## Directions
Copy each line of the records exactly, stopping only after the line that contains "HOBEA-Germany Amningskudde 190" has been written, and leave pictures out.

## Dataset excerpts
■ ■ ■ ■

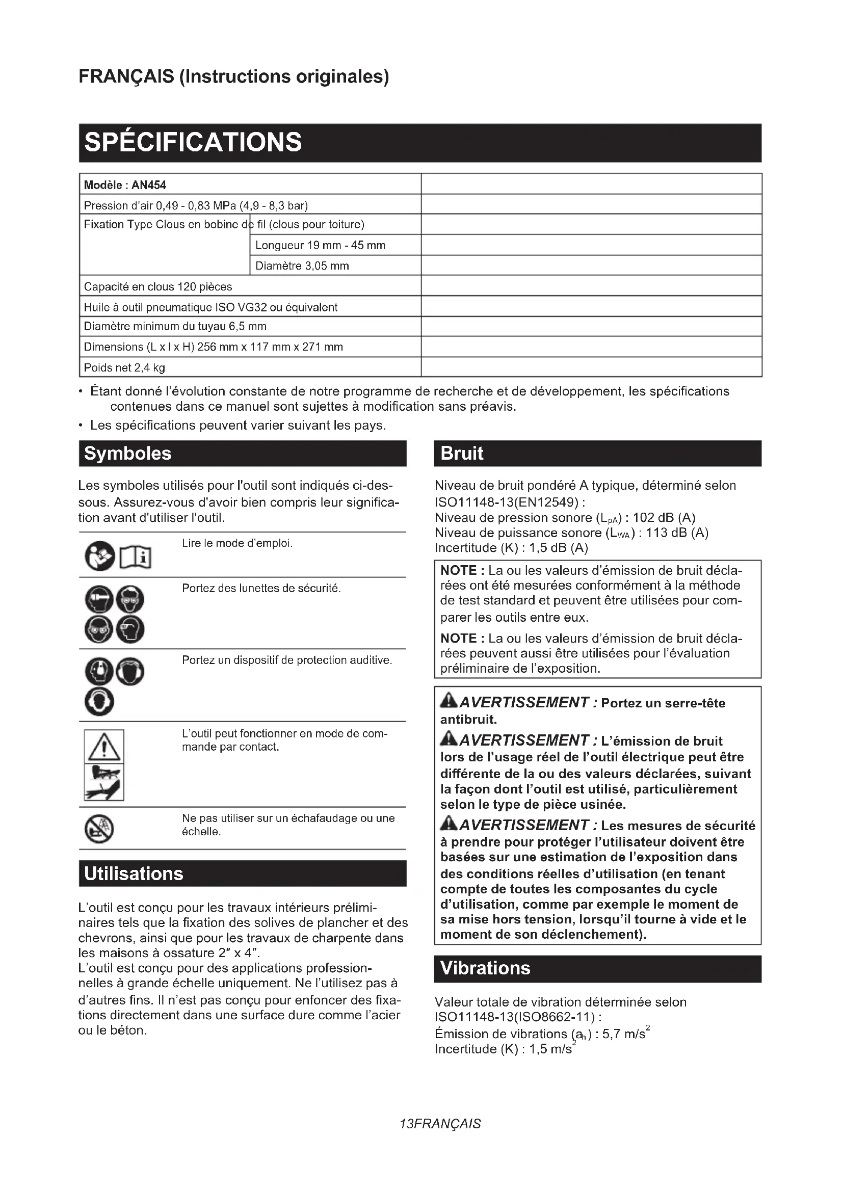 - Safety goggles NOTE: Some items in the list may be included in the tool package as standard accessories. They may dier from country to country.13 FRANÇAIS FRANÇAIS (Instructions originales) SPÉCIFICATIONS Modèle : AN454 Pression d’air 0,49 - 0,83 MPa (4,9 - 8,3 bar) Fixation Type Clous en bobine de l (clous pour toiture) Longueur 19 mm - 45 mm Diamètre 3,05 mm Capacité en clous 120 pièces Huile à outil pneumatique ISO VG32 ou équivalent Diamètre minimum du tuyau 6,5 mm Dimensions (L x l x H) 256 mm x 117 mm x 271 mm Poids net 2,4 kg
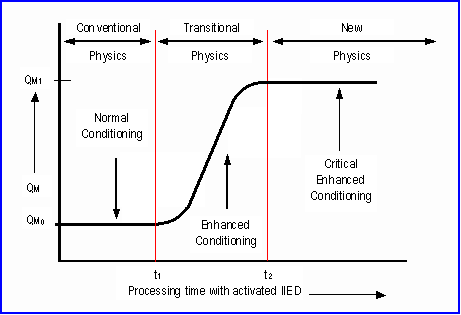Es wurde festgestellt, daß einfach durch die Nutzung eines mit Intention geprägten elektrischen Geräts in dem Laborraum über ungefähr 3 – 4 Monate, das Labor „konditioniert“ wurde, und es war der Zustand dieser „Konditionierung“ der die extrem starken Werte der oben erwähnten Versuchsergebnisse bestimmte! Wonach es unseres Erachtens aussieht, ist in Abb. 1 dargestellt, wobei QM die Größe jeglicher physikalischen Messung M ist.
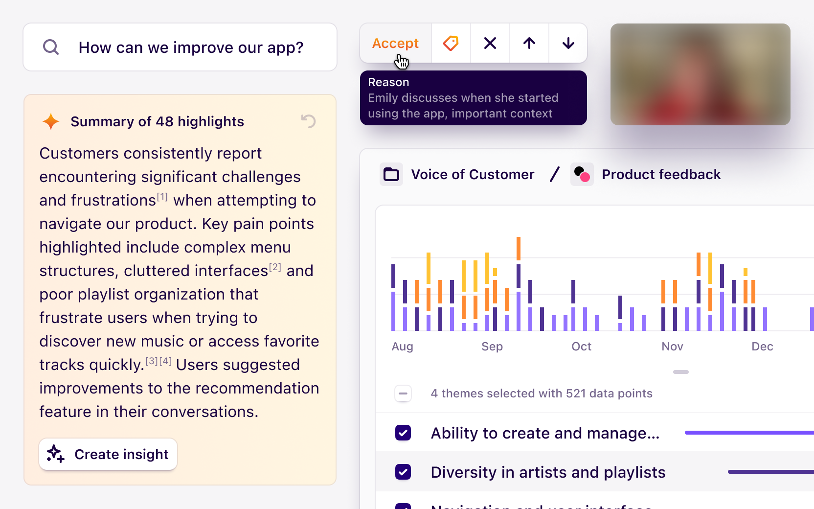 Magic highlight automatically suggests highlights in transcripts, massively reducing manual work. In line with our human-in-the-loop approach, you’re always in control. You can type customer prompts to ensure Dovetail highlights moments that matter to you. Then, accept or reject the highlights to meet your learning goal.
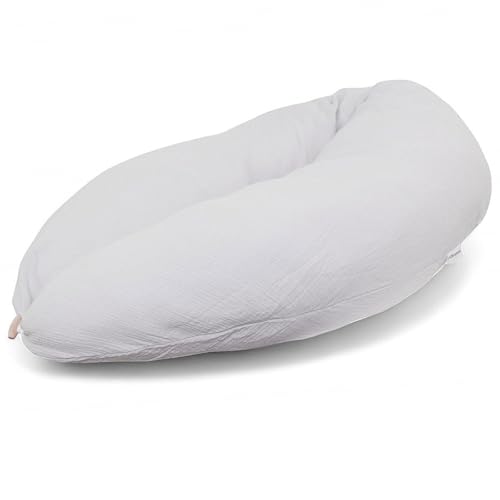 HOBEA-Germany Amningskudde 190 cm x 76 cm XXL Graviditetskudde Sidokudde med överdrag av ekologisk bomull (Muslin ljusgrå)
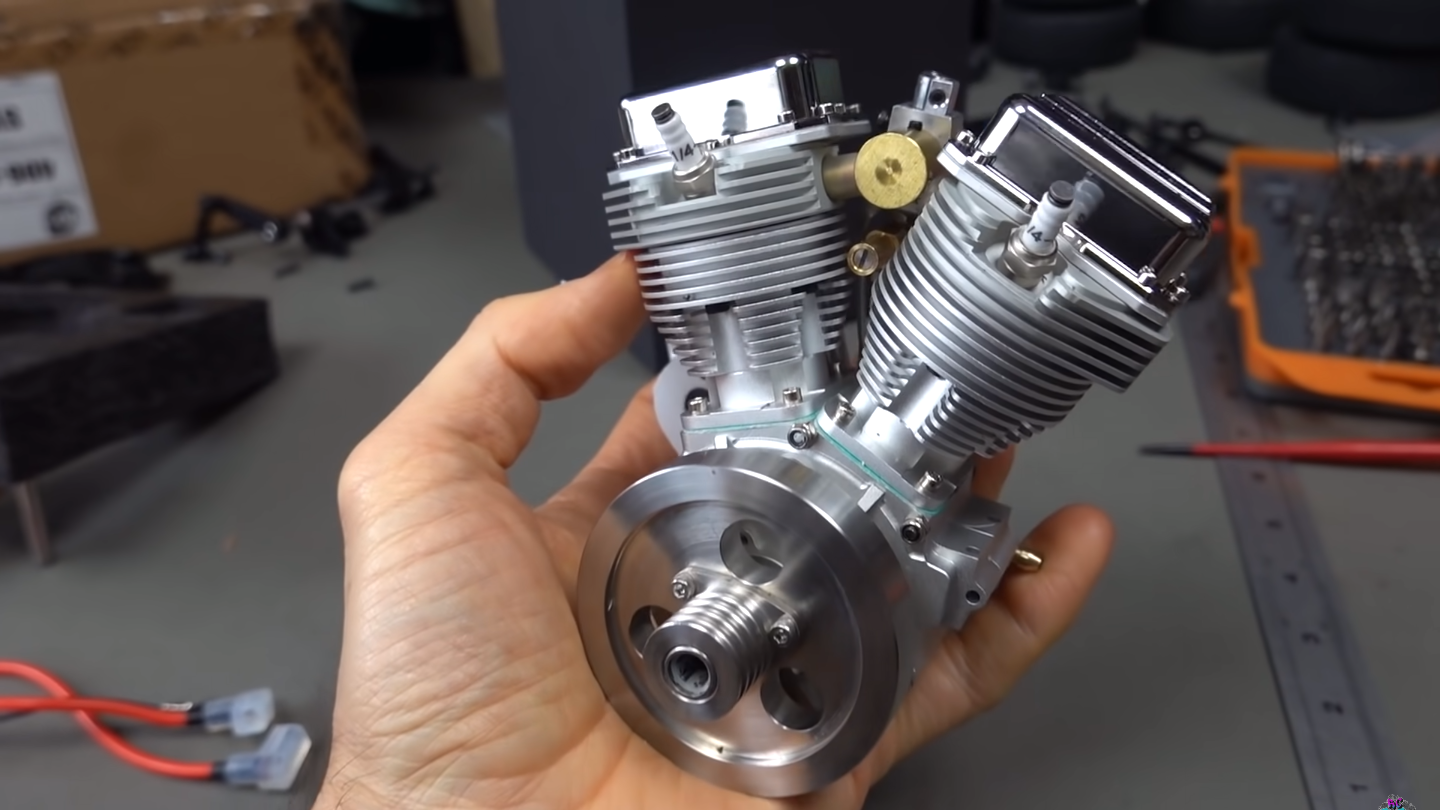Things are pretty neat on the performance side. It's fed from an appropriately tiny carburetor, each cylinder gets two valves and the 9cc V-twin can rev up to 8,000 rpm. That's more than my Buell! It results in an output of 0.8 horsepower and it even runs on gasoline.
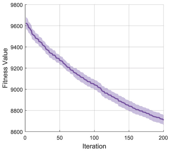 The convergence and stability of the algorithm will be analyzed below. Figure 3 illustrates the average convergence performance of the five algorithms over 200 iterations for the largest instance (). The y-axis represents the average fitness value, while the x-axis represents the iteration number.

■ ■ ■ ■

## Written solution
 - Safety goggles NOTE: Some items in the list may be included in the tool package as standard accessories. They may dier from country to country.13 FRANÇAIS FRANÇAIS (Instructions originales) SPÉCIFICATIONS Modèle : AN454 Pression d’air 0,49 - 0,83 MPa (4,9 - 8,3 bar) Fixation Type Clous en bobine de l (clous pour toiture) Longueur 19 mm - 45 mm Diamètre 3,05 mm Capacité en clous 120 pièces Huile à outil pneumatique ISO VG32 ou équivalent Diamètre minimum du tuyau 6,5 mm Dimensions (L x l x H) 256 mm x 117 mm x 271 mm Poids net 2,4 kg
Es wurde festgestellt, daß einfach durch die Nutzung eines mit Intention geprägten elektrischen Geräts in dem Laborraum über ungefähr 3 – 4 Monate, das Labor „konditioniert“ wurde, und es war der Zustand dieser „Konditionierung“ der die extrem starken Werte der oben erwähnten Versuchsergebnisse bestimmte! Wonach es unseres Erachtens aussieht, ist in Abb. 1 dargestellt, wobei QM die Größe jeglicher physikalischen Messung M ist.
 Magic highlight automatically suggests highlights in transcripts, massively reducing manual work. In line with our human-in-the-loop approach, you’re always in control. You can type customer prompts to ensure Dovetail highlights moments that matter to you. Then, accept or reject the highlights to meet your learning goal.
 HOBEA-Germany Amningskudde 190 cm x 76 cm XXL Graviditetskudde Sidokudde med överdrag av ekologisk bomull (Muslin ljusgrå)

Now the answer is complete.